I, like many others including Arthur C. Clarke and Stephen Hawking, feel that outer space is our only chance as a species.  Furthermore, I do believe that we, meaning humanity, should work together toward the (hopeful) diaspora of humanity into the cosmos.  Life on one planet is dangerous for us as a species (the fossil record speaks for that), and our current (and America is the worst abuser of this) rate of consumption of non-replenishable natural resources means that we will eventually use up all of the materials that give us our material comforts we currently enjoy.

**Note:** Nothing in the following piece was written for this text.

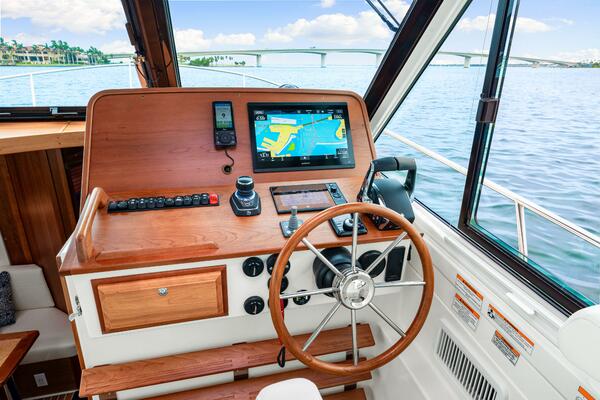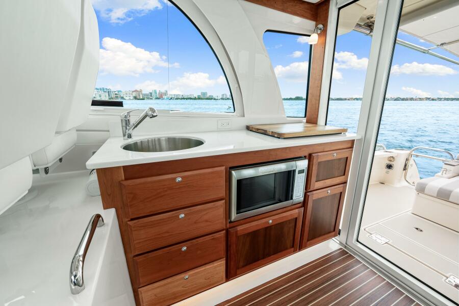The 39O offers a hard back for a fully enclosed helm deck; a unique design in this segment, which allows for climate-controlled comfort and an extended boating season with optimal protection from the elements. Her indoor social spaces keep everyone connected, featuring a galley up design and side-by-side captain and mate seats opposite a comfortable U-shaped settee. The result is a perfect space where the crew can enjoy a meal, or lounge while staying out of the sun or the rain.

Obviously, the United States cannot venture far into the Universe alone.  It will be a project that requires all of humanity to accomplish, and it would only be equitable if all peoples are given the opportunity to take part in what I believe to be the most important adventure at this stage in human history.  The Apollo-Soyuz project and the International Space Station (which replaced Reagan’s isolationist Freedom Space Station) demonstrate that the exploration and habitation of the Universe is something that can bring nations together for an enterprise far more important and meaningful than each contributing member nation.  For these reasons, I believe that we should commit ourselves to investing more in the public exploration of space while providing awards or incentives to private businesses to also make use of the vast cosmos beyond our atmospheric borders.  Eventually, we must leave the cradle and venture forth into the wider “world,” and that “world” is a seemingly endless expanse of stars, planets, and other phenomena that hold unparalleled possibilities and hope for humanity.